103 minutes (15) 2004
widescreen ratio 1.85:1
Tartan DVD Region 0 retail

RATING: 8/10
reviewed by Debbie Moon
The Friedmans are an ordinary Long Island family: dad Arnie gives kids' computer classes in the basement (apparently to avoid spending time with Mom), and the three grown-up sons spend their time videoing family events for fun. Then the police raid the house and uncover a stash of child pornography, and the apparently happy children attending the classes begin to allege that they've been abused. First Arnie's name comes up, then youngest son Jesse's, as the list of charges spirals out of control.

Preparations for the trial split family down the middle, demonising Mom and exposing all kinds of allegations and family secrets. The allegations of repeated group abuse seem wildly implausible - but what about the porn? Confessions are signed - but for what reason?

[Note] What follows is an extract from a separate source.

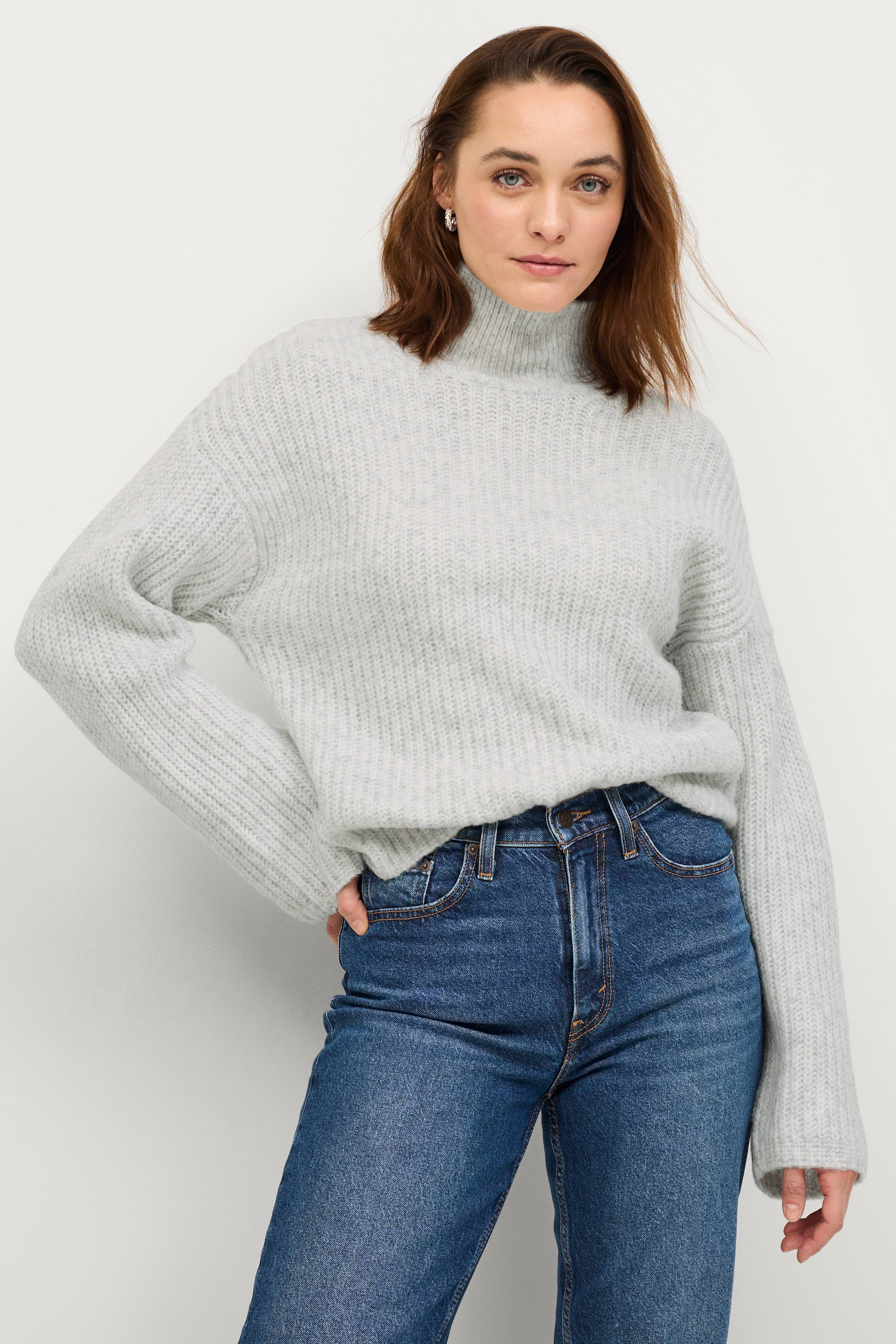• Grovstrikket genser• Løs passform• Høy krage• Utringede skuldre

And throughout it all, eldest son David videos every family argument, finally handing the footage to director Jarecki, who added extensive interviews with the main players and fashioned it into this documentary...

Capturing The Friedmans is an extraordinary film. Allegations fly here and there, revelations come to the surface and are denied, conflicting evidence assails you from all directions. On the evidence presented here, I defy anyone to be sure what, if anything, actually happened in those classes. By the end, the only thing you'll be sure of is that the Friedmans are a seriously dysfunctional group of people caught up in the current climate of child-abuse hysteria (which doesn't necessarily mean they're innocent).

A powerful look at what can lurk under the surface of ordinary family life, Capturing The Friedmans is a well-structured, constantly surprising documentary: not a comfortable story by any means, but it has the irresistible fascination of an emotional 12 car pile-up.

The extras in the two-disc DVD package are extensive and excellent: Q&A sessions, interviews, uncut footage of the alleged victims' testimonies, additional family home movies, as well as the usual commentary and a director interview. (Though the promised 'altercation' between law enforcement officials at a post-premiere audience discussion is a disappointment, amounting to a polite, if heated, argument...)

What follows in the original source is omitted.